Start of Given information
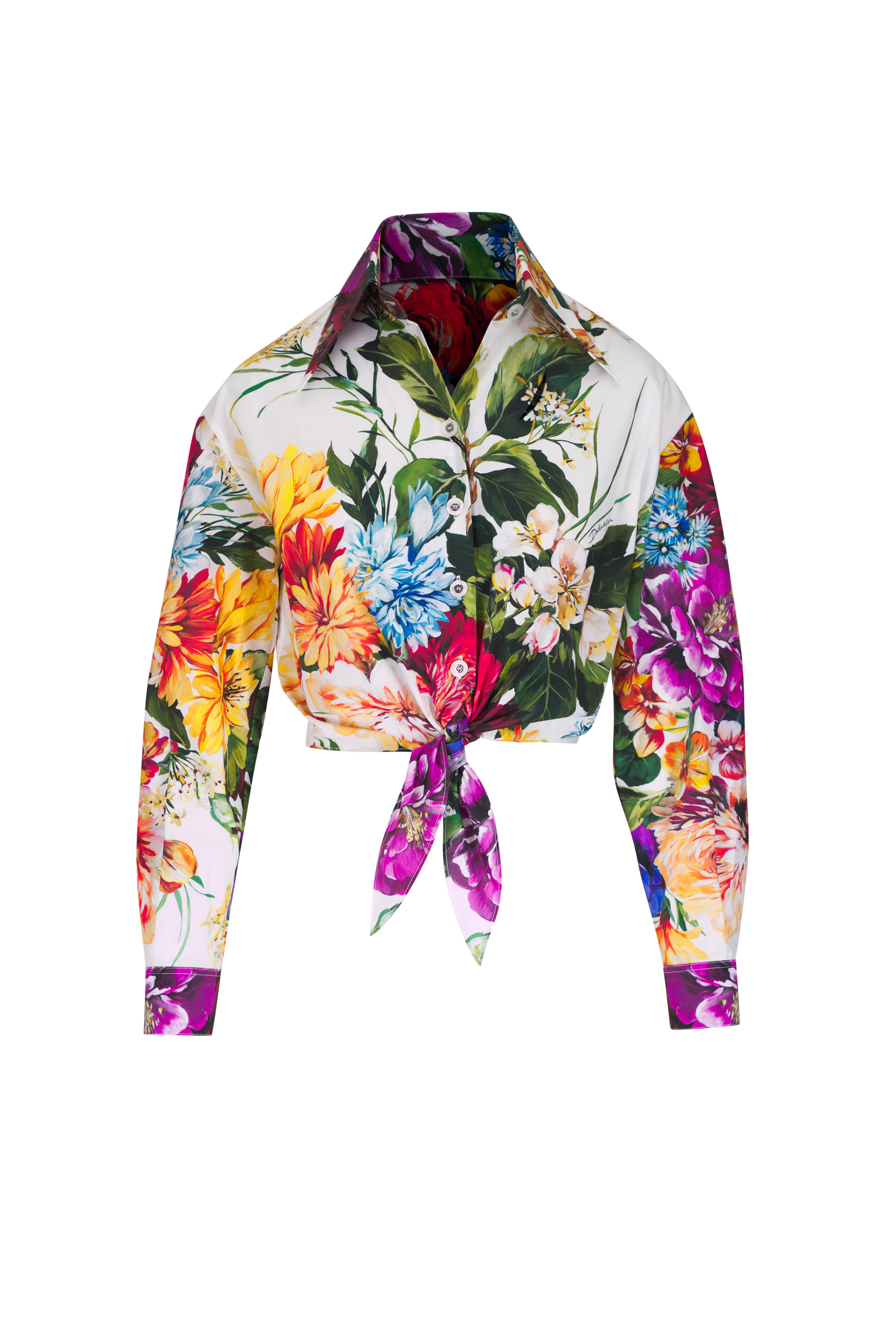 Spread collar. Front button placket. Lower tie. Single button square cuffs. Made in Italy. 100% cotton. Dry clean.
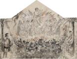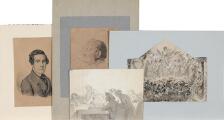 “Bagermester Købke”. Baker Købke. Unsigned. Inscribed Gertner. Ca. 15.5×15.5 cm. The nine muses and a large orchestra celebrating The Arts. Unsigned. Drawing ink and wash heightened with white on paper laid on paper. 20×25.5 cm.
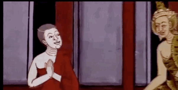 一个星期之后,一个名叫阿私陀的圣者来到王宫造访。他是从高山上的住处拄着手杖下山前来的,因年老而弯着身子。
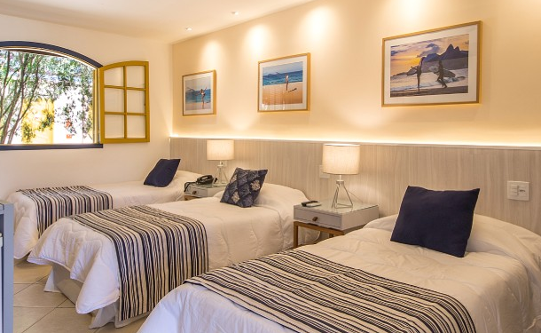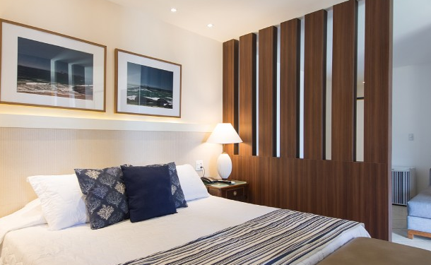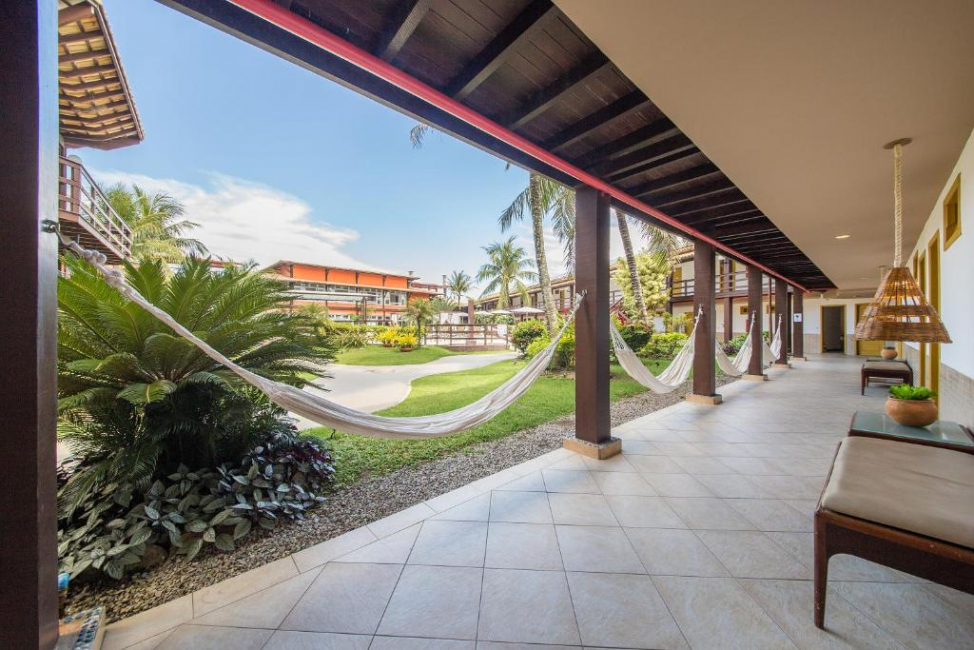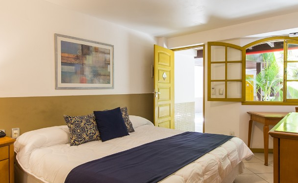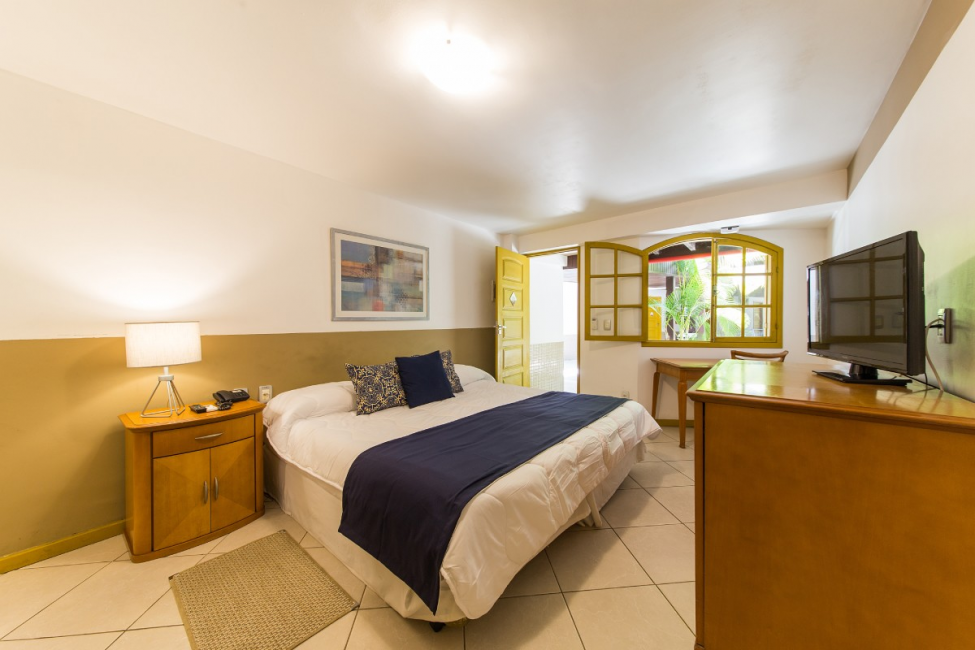 Amplo apartamento com varanda para o gramado e equipado com frigobar, ar condicionado, telefone, secador, wifi, TV a cabo e bancada para trabalho.
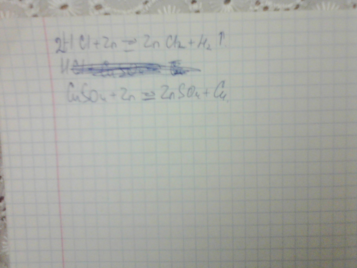 запишите уравнения возможных реакций, если для опыта были взяты вещества: цинк, медь, соляная кислота, растворы хлорида магния и сульфат меди.
End of Given information
* Exercise objective *
In the answer, the entries should be restated verbatim, with all pictures omitted.

* Result for this exercise *
 Spread collar. Front button placket. Lower tie. Single button square cuffs. Made in Italy. 100% cotton. Dry clean.
 “Bagermester Købke”. Baker Købke. Unsigned. Inscribed Gertner. Ca. 15.5×15.5 cm. The nine muses and a large orchestra celebrating The Arts. Unsigned. Drawing ink and wash heightened with white on paper laid on paper. 20×25.5 cm.
 一个星期之后,一个名叫阿私陀的圣者来到王宫造访。他是从高山上的住处拄着手杖下山前来的,因年老而弯着身子。
 Amplo apartamento com varanda para o gramado e equipado com frigobar, ar condicionado, telefone, secador, wifi, TV a cabo e bancada para trabalho.
 запишите уравнения возможных реакций, если для опыта были взяты вещества: цинк, медь, соляная кислота, растворы хлорида магния и сульфат меди.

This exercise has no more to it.